Note that percentages do not add up to 100% exactly due to some missing data in each specific variable. Q1=First quartile, Q3=third quartile. BMI indicates body mass index; HRT, hormone replacement therapy; OC, oral contraceptive; and TDI, Townsend deprivation index.

* First occurrence of stroke diagnoses that occurred before the initial assessment visit and were included in the main analysis.

Intention-to-Treat Effects on Stroke Risk

The hazard rate of any stroke or stroke subtypes did not differ between women who had used OCs, compared with nonusers (Table S5; Figure 1A). When extending the follow-up time until February 2018, we observed that women previously exposed to OCs had a lower hazard rate of any stroke and ischemic stroke (HR, 0.90 [95% CI, 0.84–0.97] and HR, 0.84 [95% CI, 0.76–0.94], respectively; Table S6).

Figure 1.

Figure 1. Intention-to-treat effects on stroke risk. Hazard rates (squares) for oral contraceptive use (A) and hormone replacement therapy (B) are shown, relative to nonusers. Error bars denote 95% CI.
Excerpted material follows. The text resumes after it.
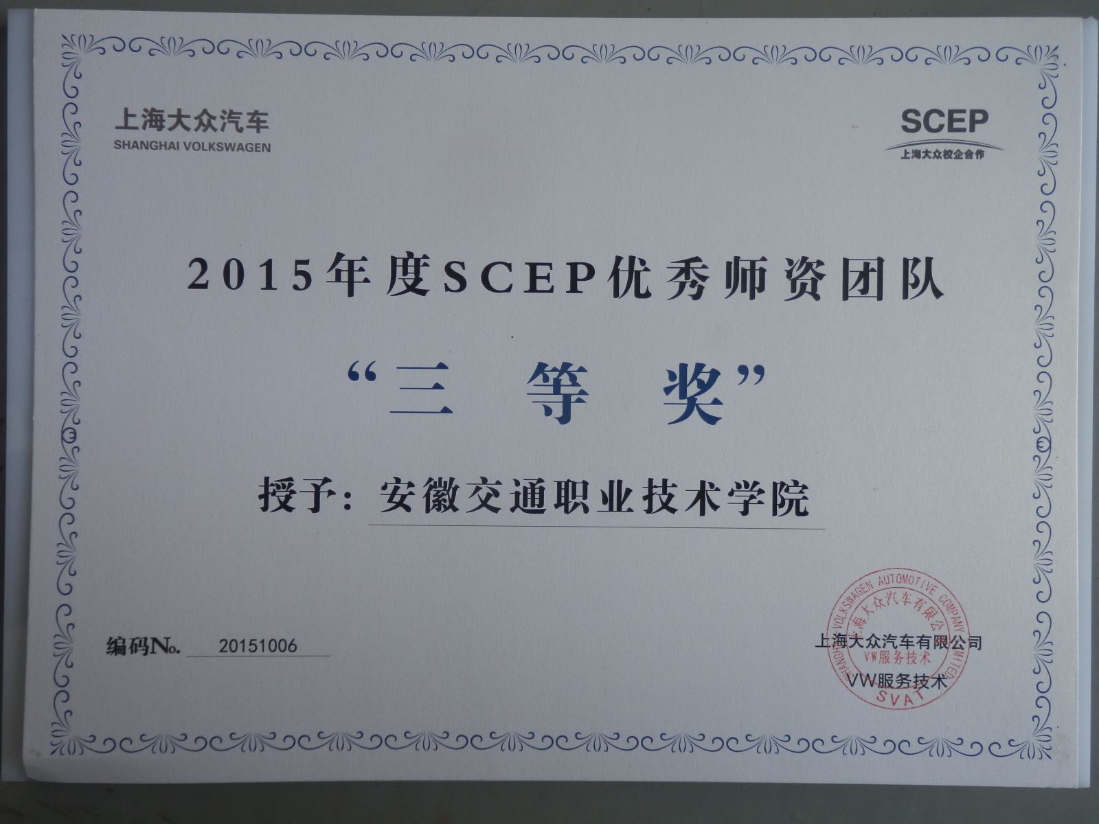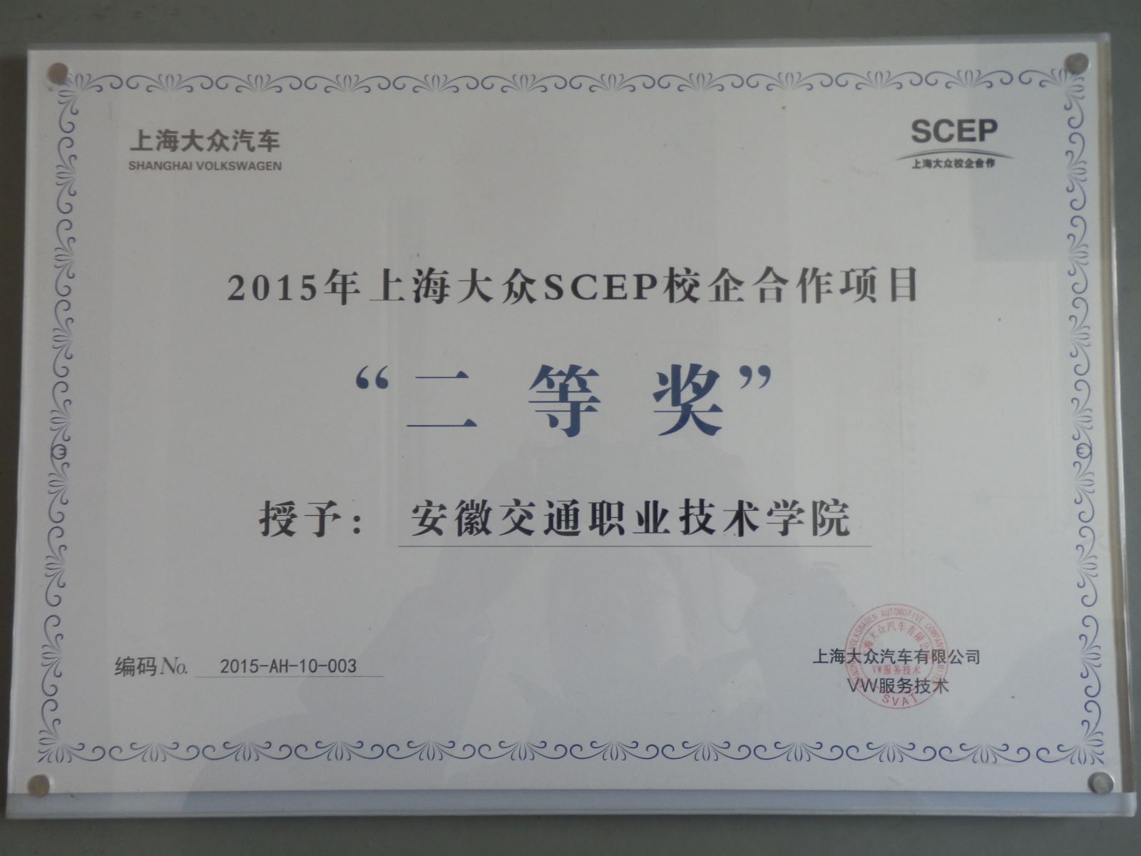 我院上海大眾SCEP校企合作項目獲2015年度上海大眾二等獎(總分排名全國第3名),SCEP項目教師團隊榮獲2015年度SCEP優秀師資團隊三等獎,劉耀邦老師榮獲項目新秀師資二等獎,在第二屆上海大眾SCEP校企合作項目技能大賽中,我院代表隊獲團體三等獎,同時大眾班學生畢景松同學獲大賽三等獎,何勇彪同學獲大賽優秀獎。

The HR of any stroke for HRT users versus nonusers was 1.22 (95% CI, 1.11–1.35), without considering when users discontinued (Table S5; Figure 1B). When analyzing stroke subtypes, the HR of subarachnoid hemorrhage was 1.33 (95% CI, 1.04–1.71) for HRT users compared with nonusers. For ischemic stroke and intracerebral hemorrhage, the hazard rate did not significantly differ between users and nonusers. The results were similar when extending the follow-up time until February 2018 across stroke types, with the exception that women exposed to HRT had a significant higher rate of ischemic stroke (HR, 1.12 [95% CI, 1.01–1.24]; Table S6). Adjusting for blood pressure (Model 2), the effect of HRT on stroke risk remained similar (Table S7).

Time-Varying Effects During and After Use on Stroke Risk

During first year of OC use, we observed an increased hazard of any stroke (HR, 2.49 [95% CI, 1.44–4.30]; Table S8; Figure 2A), while no difference in hazard rates between users and nonusers were found during remaining years of use and after discontinuation (HR, 1.00 [95% CI, 0.86–1.14] and HR, 0.93 [95% CI, 0.84–1.02]), respectively. However, it should be highlighted that the majority of stroke incidences occur late in life; therefore, the number of events during first year of use was small, which limits the possibility to analyze stroke subtypes.

Figure 2.

Figure 2. Time varying effects on stroke risk. Hazard rates (squares) for oral contraceptive use (A) and hormone replacement therapy (B–E) are shown, relative to nonusers. Error bars denote 95% CI. A, Time-varying effects of OC use on any stroke risk. B, Depicts time-varying effects of HRT on any stroke risk. C–E, The time-varying effects of HRT on stroke subtype risk. C, Ischemic stroke; (D) intracerebral hemorrhage; and (E) subarachnoid hemorrhage. Squares represent hazard ratio (HR) and error bars 95% CI. Note: due to the small number of intracerebral hemorrhages, we were not able to investigate the association of HRT during first year of use.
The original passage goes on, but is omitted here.